Stunting pada anak tidak hanya diakibatkan oleh satu faktor saja. Namun banyak hal, seperti faktor ibu yang mengalami asupan gizi semasa kehamilan kurang baik, tingkat pengetahuan ibu, pendidikan ibu, sanitasi lingkungan, faktor menyusui, pemberian makan tambahan seperti MP-ASI, infeksi, faktor ekonomi keluarga dan perilaku hidup bersih dan sehat.

Isu pernikahan usia muda di Indonesia telah mencapai tingkat mengkhawatirkan. Berdasarkan data UNICEF per 2022, Indonesia berada pada urutan 8 dunia dan ke-2 dari Asean dengan total kasus sekitar 1,5 juta kasus.

Sedangkan data yang diperoleh bahwa Sulawesi Barat meduduki urutan ke delapan tertinggi di Indonesia kasus pernikahan dini dengan prevalensi sekitar 11,70 persen. Data statistik menuliskan 1,347 per tanggal Mei 2023 kasus pernikahan anak di Sulbar.

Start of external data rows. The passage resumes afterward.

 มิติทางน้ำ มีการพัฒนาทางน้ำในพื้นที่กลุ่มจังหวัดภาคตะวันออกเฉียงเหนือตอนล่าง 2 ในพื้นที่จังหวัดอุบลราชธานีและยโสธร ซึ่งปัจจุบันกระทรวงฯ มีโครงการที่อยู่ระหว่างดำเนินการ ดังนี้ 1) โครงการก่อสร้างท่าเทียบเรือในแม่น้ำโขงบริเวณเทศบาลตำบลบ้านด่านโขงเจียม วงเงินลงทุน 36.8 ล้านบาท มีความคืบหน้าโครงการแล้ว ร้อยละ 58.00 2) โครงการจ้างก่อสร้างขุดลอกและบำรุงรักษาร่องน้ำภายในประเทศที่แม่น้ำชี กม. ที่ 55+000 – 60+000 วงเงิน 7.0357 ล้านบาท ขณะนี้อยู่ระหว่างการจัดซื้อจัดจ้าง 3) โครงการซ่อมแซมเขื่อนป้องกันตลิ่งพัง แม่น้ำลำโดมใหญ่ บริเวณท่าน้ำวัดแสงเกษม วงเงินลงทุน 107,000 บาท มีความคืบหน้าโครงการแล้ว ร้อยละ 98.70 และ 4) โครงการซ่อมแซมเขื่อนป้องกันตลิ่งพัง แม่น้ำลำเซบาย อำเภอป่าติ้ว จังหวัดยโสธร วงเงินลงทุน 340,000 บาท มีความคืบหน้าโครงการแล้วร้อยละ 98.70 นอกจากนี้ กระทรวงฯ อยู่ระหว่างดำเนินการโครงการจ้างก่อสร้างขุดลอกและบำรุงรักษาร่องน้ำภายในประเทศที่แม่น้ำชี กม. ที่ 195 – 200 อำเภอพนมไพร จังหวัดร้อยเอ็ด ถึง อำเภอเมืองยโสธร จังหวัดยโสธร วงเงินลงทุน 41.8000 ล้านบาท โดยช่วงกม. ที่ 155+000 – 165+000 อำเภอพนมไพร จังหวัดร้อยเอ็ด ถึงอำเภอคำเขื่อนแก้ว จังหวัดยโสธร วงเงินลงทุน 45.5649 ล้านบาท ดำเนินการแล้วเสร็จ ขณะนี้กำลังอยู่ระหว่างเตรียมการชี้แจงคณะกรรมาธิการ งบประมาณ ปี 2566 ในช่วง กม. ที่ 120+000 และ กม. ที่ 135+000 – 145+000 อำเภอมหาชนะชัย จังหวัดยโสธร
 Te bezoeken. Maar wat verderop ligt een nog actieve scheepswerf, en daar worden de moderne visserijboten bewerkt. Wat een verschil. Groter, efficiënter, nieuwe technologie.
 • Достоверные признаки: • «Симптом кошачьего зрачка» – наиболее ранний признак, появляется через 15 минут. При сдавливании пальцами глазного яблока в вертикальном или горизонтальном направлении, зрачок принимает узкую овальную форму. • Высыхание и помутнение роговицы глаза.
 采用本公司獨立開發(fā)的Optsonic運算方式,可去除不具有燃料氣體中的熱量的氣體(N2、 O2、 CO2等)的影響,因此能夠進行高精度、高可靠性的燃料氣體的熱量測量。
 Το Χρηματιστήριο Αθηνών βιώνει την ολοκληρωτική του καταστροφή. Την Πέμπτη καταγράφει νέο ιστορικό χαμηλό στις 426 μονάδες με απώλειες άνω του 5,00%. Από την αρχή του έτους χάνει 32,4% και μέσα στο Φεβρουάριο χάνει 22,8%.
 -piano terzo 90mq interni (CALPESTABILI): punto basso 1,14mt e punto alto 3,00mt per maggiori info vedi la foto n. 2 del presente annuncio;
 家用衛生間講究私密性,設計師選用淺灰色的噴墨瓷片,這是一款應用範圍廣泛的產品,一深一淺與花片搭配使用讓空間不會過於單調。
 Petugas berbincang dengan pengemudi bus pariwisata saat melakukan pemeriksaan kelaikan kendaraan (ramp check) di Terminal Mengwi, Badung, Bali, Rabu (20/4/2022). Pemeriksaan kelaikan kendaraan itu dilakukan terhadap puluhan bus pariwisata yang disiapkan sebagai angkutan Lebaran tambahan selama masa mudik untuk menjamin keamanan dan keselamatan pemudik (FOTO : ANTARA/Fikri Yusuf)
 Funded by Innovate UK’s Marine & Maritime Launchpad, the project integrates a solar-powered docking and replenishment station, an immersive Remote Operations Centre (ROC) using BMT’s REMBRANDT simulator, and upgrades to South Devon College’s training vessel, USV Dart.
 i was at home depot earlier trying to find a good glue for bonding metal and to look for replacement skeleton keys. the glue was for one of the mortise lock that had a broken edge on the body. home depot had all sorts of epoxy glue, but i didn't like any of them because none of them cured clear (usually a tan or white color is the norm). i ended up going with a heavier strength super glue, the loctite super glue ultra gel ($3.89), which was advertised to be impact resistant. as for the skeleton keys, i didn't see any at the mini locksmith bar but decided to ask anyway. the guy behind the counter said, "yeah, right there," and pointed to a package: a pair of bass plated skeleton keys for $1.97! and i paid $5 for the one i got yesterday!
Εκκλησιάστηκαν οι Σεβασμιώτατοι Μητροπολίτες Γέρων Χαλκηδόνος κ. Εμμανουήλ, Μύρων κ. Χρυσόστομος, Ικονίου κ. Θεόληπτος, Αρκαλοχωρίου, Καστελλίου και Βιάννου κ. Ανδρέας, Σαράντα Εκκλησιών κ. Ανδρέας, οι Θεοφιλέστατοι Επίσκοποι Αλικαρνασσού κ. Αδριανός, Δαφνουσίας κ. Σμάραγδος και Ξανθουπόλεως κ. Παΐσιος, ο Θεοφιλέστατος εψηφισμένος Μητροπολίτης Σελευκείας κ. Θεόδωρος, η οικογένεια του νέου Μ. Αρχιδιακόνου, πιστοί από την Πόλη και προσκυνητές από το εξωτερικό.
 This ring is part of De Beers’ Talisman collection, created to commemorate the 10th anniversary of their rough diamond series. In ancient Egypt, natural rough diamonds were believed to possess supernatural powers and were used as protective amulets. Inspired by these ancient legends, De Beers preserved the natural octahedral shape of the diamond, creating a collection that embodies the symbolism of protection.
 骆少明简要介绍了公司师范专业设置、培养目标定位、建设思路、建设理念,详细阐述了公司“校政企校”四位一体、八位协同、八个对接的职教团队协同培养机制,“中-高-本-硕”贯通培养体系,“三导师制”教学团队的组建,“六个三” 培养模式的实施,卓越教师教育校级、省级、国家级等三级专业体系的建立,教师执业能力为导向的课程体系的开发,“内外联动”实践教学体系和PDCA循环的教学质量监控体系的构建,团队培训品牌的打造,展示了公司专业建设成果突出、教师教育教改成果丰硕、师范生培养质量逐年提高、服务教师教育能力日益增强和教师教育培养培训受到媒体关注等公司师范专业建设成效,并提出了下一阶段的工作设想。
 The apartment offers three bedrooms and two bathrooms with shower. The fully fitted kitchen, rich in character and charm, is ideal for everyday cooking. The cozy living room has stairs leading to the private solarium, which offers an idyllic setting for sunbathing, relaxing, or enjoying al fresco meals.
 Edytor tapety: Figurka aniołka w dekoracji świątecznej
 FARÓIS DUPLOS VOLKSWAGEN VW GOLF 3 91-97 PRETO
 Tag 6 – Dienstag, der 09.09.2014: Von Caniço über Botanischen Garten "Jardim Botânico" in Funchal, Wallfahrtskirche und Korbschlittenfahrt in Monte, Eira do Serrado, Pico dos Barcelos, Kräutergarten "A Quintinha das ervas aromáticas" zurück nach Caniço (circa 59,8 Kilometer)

Sedangkan kasus stunting saat ini merupakan tren isu Sulbar. Merupakan provinsi kedua tertinggi stunting tahun 2022 dari NTB, dengan tingkat prefalensi stunting mencapai 35 persen. Mengalami kenaikan 1,2 persen dari tahun 2021.

Adapun wilayah-wilayah di Sulbar yang terdapat peningkatan stunting tertinggi adalah, Kabupaten Majene dari 2021 35,7 persen menglami peningkatan 4,9 persen, sehingga 2022 mencapai 40,6 persen.
Kemudian Polewali Mandar 39,3 persen, Mamasa mencapai 38,6 persen, Mamuju 33,8 persen, Mamuju Tengah 28,1 persen dan Kabupaten Pasangkayu 25,8 persen.

Data tersebut menunjukkan bahwa penanggulangan kasus stunting di Sulbar belum maksimal. Memerlukan sikap dan strategi demi mencapai target pemerintah 2024 mendatang.

Dari data diatas menunjukkan bahwa tingkat pernikahan dini yang terjadi di Indonesia dan terkhusunya di Sulbar sendiri masih tinggi. Sangat berisiko terhadap kesehatan ibu dan anak. Diantaranya adalah kelahiran perematur/ BBLR, pendarahan pada ibu, risiko terjadinya stunting pada bayi balita bahkan beresiko terhadap kematian ibu dan bayi.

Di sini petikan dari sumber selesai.